| GIVEN ENTRIES |
********

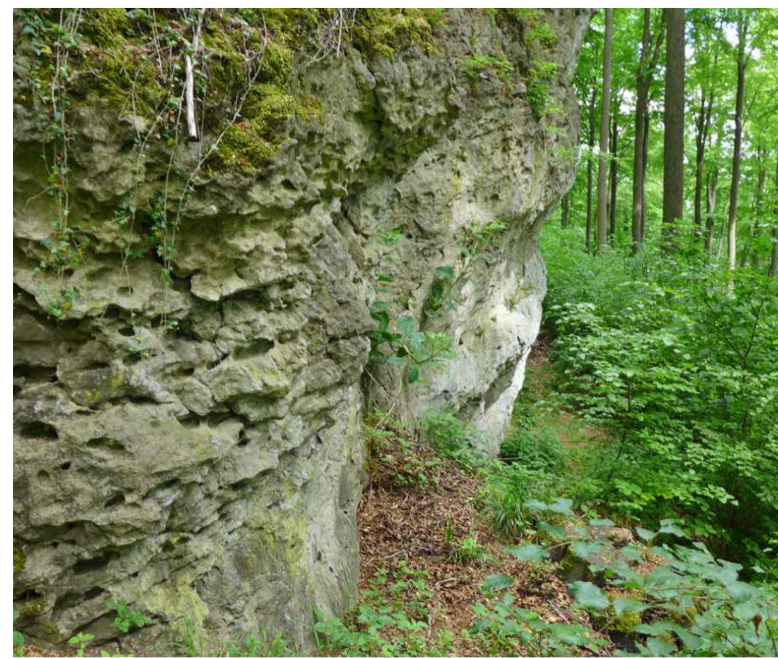
Kalksteinfelsen am Südhang des Kahlbergs bei Dögerode Limestone cliffs on the southern slope of Kahlberg Hill near Dögerode

Wer einen aufmerksamen Blick auf Tor- bzw. Zaunpfosten oder den Sockel vieler Häuser in Kalefeld wirft, dem fällt ein helles Gestein auf. Der im Ort verbaute Kalkstein stammt vom Kahlberg. Die Entstehungsgeschichte des Gesteins reicht zurück in die jüngste Epoche der Jurazeit vor etwa 155 bis 152 Mio. Jahren, als weite Teile Europas von einem flachen Meer überflutet waren. Im warmen Wasser kam es zur Ausfällung von Kalzit.
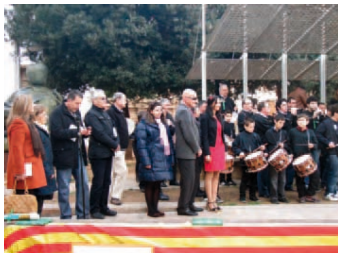
Madriñes i autortitats

Escola Municipal de Dolçaina i Tabal de Castelló
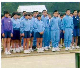
決意を胸に 開会式に臨みます。

日ごろの練習で培った力を出し切りました。その結果、陸上競技で9名が、また、剣道男女団体、女子個人で剣道部が、県大会への出場権を得ました。
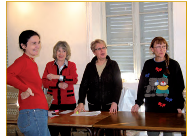
Distribution des colis de Noël 2008
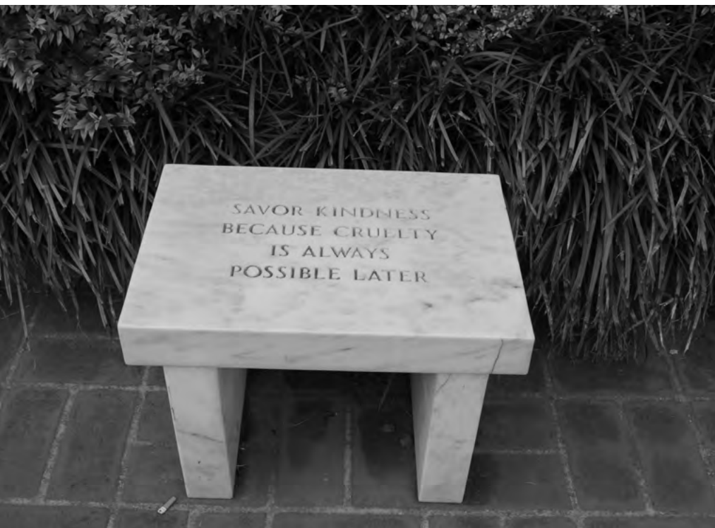
Užívejte si laskavosti, protože na krutost je vždy dost času; lavička v Muzeu Peggy Guggenheimové v Benátkách.

Informační blackout: Nedostatek informací živí obavy a ty mohou vést až k panice a bezhlavému chování, které je vždycky nebezpečné (rvačky o jídlo, zbytečné, násilné konflikty, které např. v USA často končí tak, že někdo začne střílet). Na úrovni místní samosprávy se jedná o krizovou komunikaci, na osobní úrovni buď o chladno-
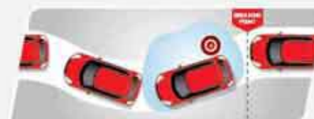
ABS (Anti-lock Brake System) + EBD (Electronic Brake Distribution) (tipe GX) Mencegah ban terkunci saat pengereman mendadak untuk meningkatkan keamanan berkendara.
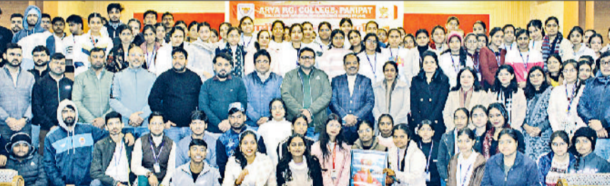
पानीपत। स्वदेशी विषयक संगोष्ठी में शामिल होते विद्यार्थी।
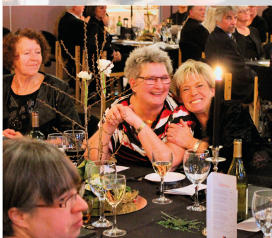
Pigerne hygger sig
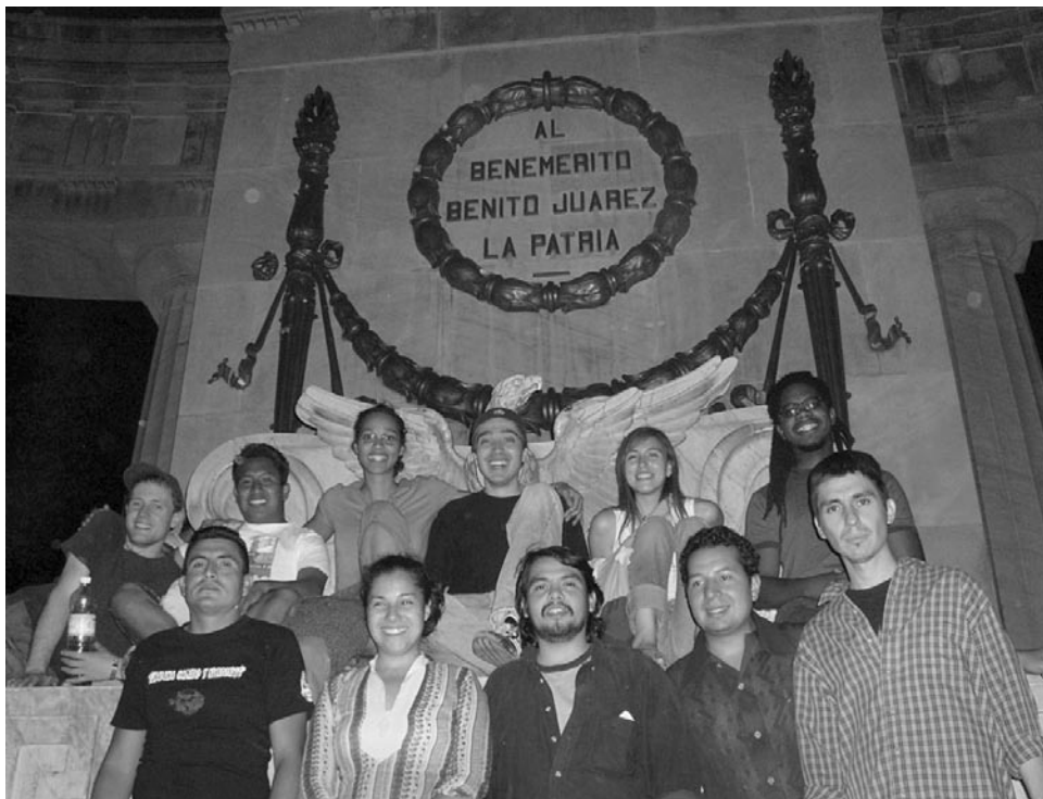
LaRouche habló de la cualidad del liderato en su respuesta a una pregunta: “¿Estoy haciendo algo para producir una nueva generación de gente joven capaz de hacer lo que yo, pero mejor? Ésa es la función esencial de los pronósticos. ¿Se puede pronosticar la política necesaria? Y, ¿puede pronosticarse fomentando el desarrollo de jóvenes que habrán de convertirse en los líderes del futuro?” El Movimiento de Juventudes Larouchistas posa ante el monumento a Juárez en la Ciudad de México.

Por consiguiente, no hay razón por la que en ningún momento debamos tener una depresión físico-económica, ninguna, si desarrollamos la mente de nuestros pueblos, en particular los poderes creativos de nuestros pueblos. Y si usamos su aporte creativo, si estimulamos esos aportes, nunca hay una razón para tener una depresión físi-
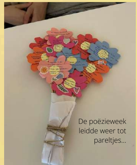
De poëzieweek leidde weer tot paretjes...
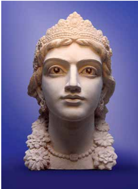
Krishna - Sculpture d'Alexey Leonov

eignants ne sont pas de simples conseillers. Ils travaillent aussi comme sculpteurs, charpentiers et comme mouleurs, une fois qu'ils acceptent quelqu'un comme étudiant. Arjuna a développé, par l'association avec Krishna, non seulement un grand goût envers Krishna, mais il a aussi trouvé en lui un sage qu'il peut suivre sans aucune hésitation.
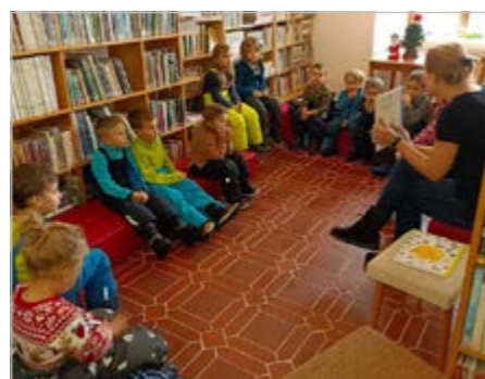
Návštěva dětí z třídy Včelek v knihovně

Společné porozumnění žáků na téma Vánoce
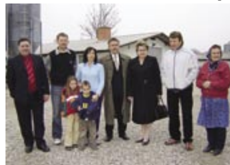
... pri Matjašičevih
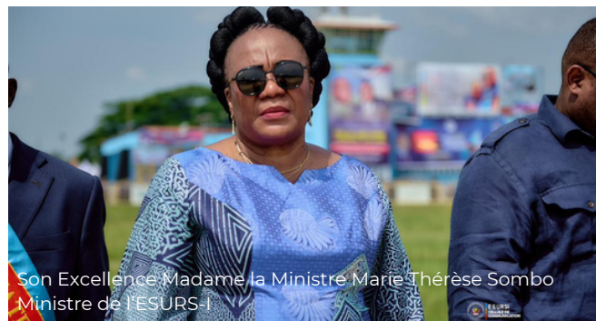
Son Excellence Madame la Ministre Marie Thérèse Sombo Ministre de l'ESURS-I

Cette collaboration ambitionne de renforcer les capacités nationales en matière de conception et de déploiement de solutions technologiques locales adaptées aux réalités sanitaires du pays. Les discussions ont porté sur la structuration des projets innovants, la mutualisation des expertises techniques et la création de mécanismes favorables à la consommation locale des innovations issues de la recherche congolaise.
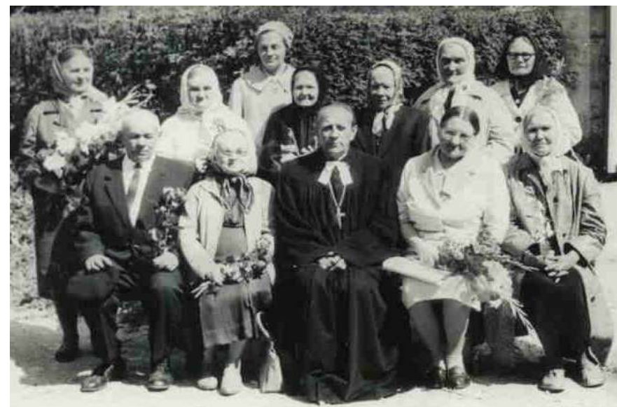
... ja Kuldleeri "lapsed" aastal 1968
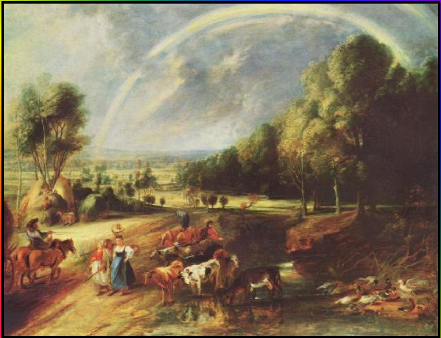
Питер Пауль Рубенс «Пейзаж с радугой»
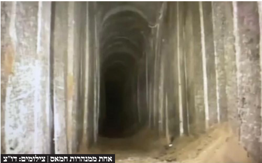
אחת ממנהרות חמאס

כוחות צה"ל איתרו את גופות ששת החטופים שנרצחו באכזריות איומה במנהרה ברפיח שנמצאת במרחק של קילומטר מזו שבה נמצא החטוף פרחאן קאדי שחולץ. נתניהו דרש בקבינט ממערכת הביטחון להביא המלצות לגביית מחיר כבד מחמאס בתוך 24-48 שעות
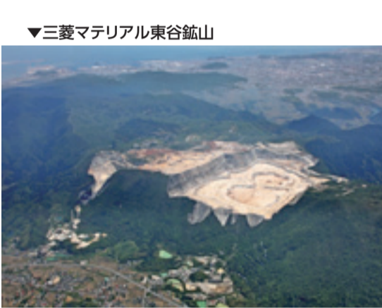
▼三菱マテリアル東谷鉱山
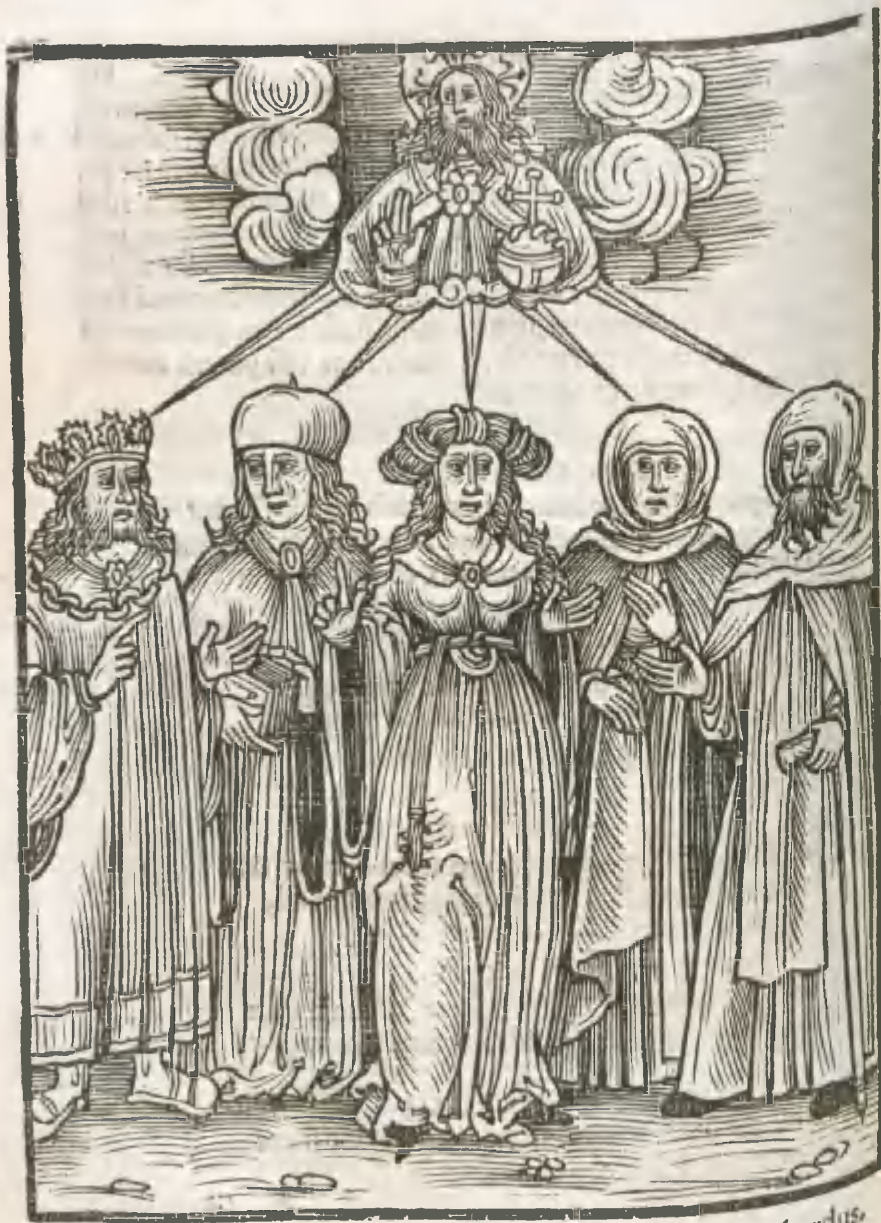
Ptolemaeus. Aristoteles. Sibylla. Brigida. Reynhardus.
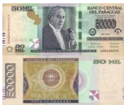
Más kontinensek bankjegyein is találkozunk hasonló gyakorlattal, pl. Paraguay 50.000 guarani értékű papírpénzén Agostin Pío Barrios (Mangoré) gitáros zeneszerző képe szerepel.

A filatélia hasonlóan a történelem segéttudománya. Minden ország bélyegein sok példát találunk jubileumokhoz kötött zenei témákra, zeneszerzők arcképe, zenei épületek képe, események színhelye, zeneművek tartalma stb. jelenhet meg rajtuk.
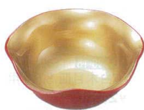
10-537-15 M-8-35 A|3.2寸梅小鉢 朱内金 ¥430 (9.5×9.2×3.6) 櫃200
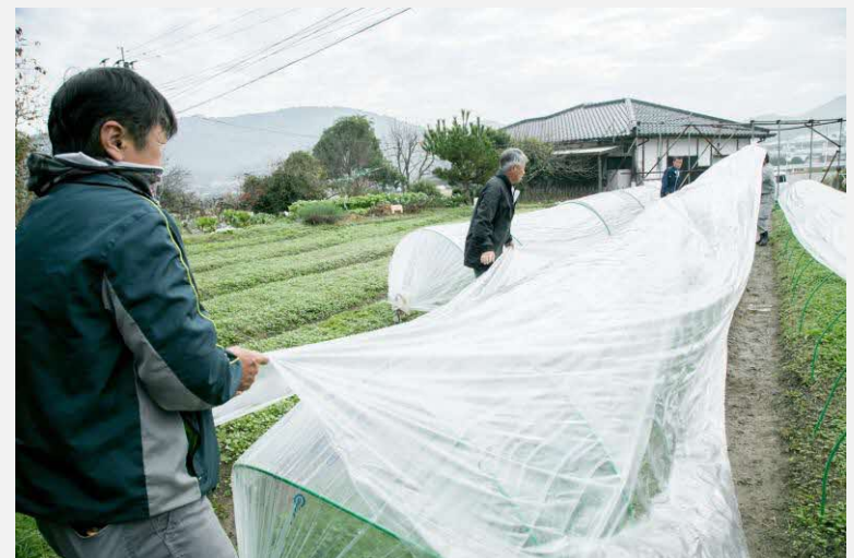
ホオズキの育苗ハウス

********

| WHAT TO DO |
Your answer should be each line from the preceding material in which the word "képe" occurs.

| RESPONSE AREA |
Más kontinensek bankjegyein is találkozunk hasonló gyakorlattal, pl. Paraguay 50.000 guarani értékű papírpénzén Agostin Pío Barrios (Mangoré) gitáros zeneszerző képe szerepel.
A filatélia hasonlóan a történelem segéttudománya. Minden ország bélyegein sok példát találunk jubileumokhoz kötött zenei témákra, zeneszerzők arcképe, zenei épületek képe, események színhelye, zeneművek tartalma stb. jelenhet meg rajtuk.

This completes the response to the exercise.